How many five-digit even numbers, that are less than 50000 and that are not divisible by 5, can be created from the digits 0, 1, 3, 5, 6, 7, 8 and 9, if no digit can be used more than once?

To find the number of five-digit even numbers less than 50,000 and not divisible by 5, using the digits 0, 1, 3, 5, 6, 7, 8, 9 without repetition, we follow these steps:

Step 1: The first digit Since the number must be less than 50,000, the first digit can only be 1, 3, or 4. However, 4 is not in our list of digits, leaving us with only two possibilities: 1 or 3.

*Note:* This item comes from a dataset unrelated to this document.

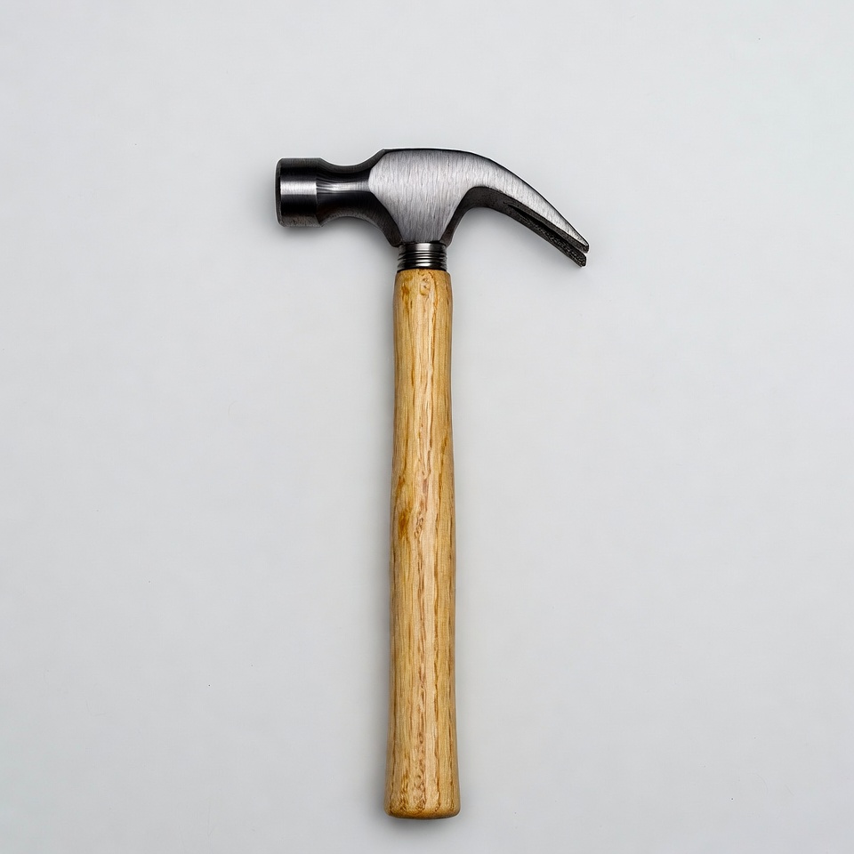 DIY tool, carpentry, claw hammer, construction tool, curved claw, hand tool, isolated, metal head, nail puller, striking face, tool, white background, wooden handle, hammer

Step 2: The last digit The last digit must be even and not 0 (since the number cannot be divisible by 5). Our even digit options are 0, 6, and 8. Since 0 is not allowed (we do not want a number divisible by 5), we have two valid options for the last digit: 6 or 8.

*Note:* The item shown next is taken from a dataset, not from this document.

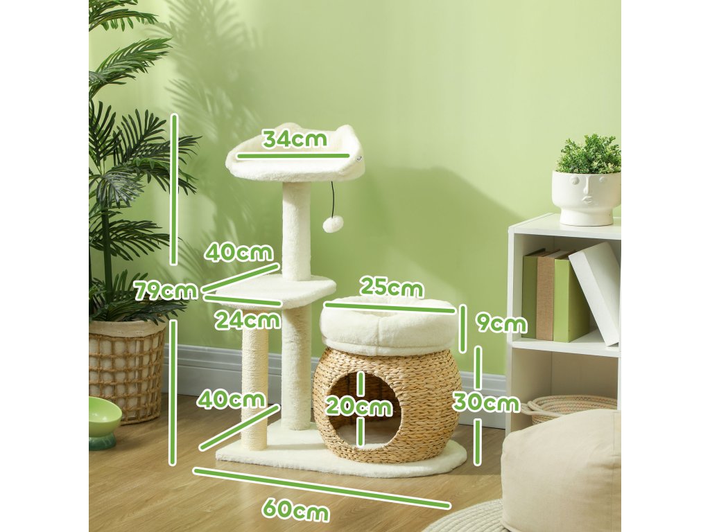 - Údaje o výrobku pro kočičí strom: Celkové rozměry: 60 x 40 x 79 cm, nosnost: 10 kg, vhodné pro 1-2 kočky do 5 kg, nutná montáž

Step 3: Digits in between For the three digits in the middle, we can use any of the remaining six digits that haven't been used for the first and last places, which gives us 6 choices for the second position, 5 choices for the third position, and 4 choices for the fourth position.

Step 4: Putting it all together We now multiply the number of choices for each position. There are 2 choices for the first digit, 6 choices for the second, 5 for the third, 4 for the fourth, and 2 for the fifth (last digit).

So the total number of possible numbers is 2 (first digit) * 6 (second digit) * 5 (third digit) * 4 (fourth digit) * 2 (fifth digit).

2 * 6 * 5 * 4 * 2 = 480

There are 480 different five-digit even numbers less than 50,000 that are not divisible by 5 and can be created from the digits given without repeating any digit.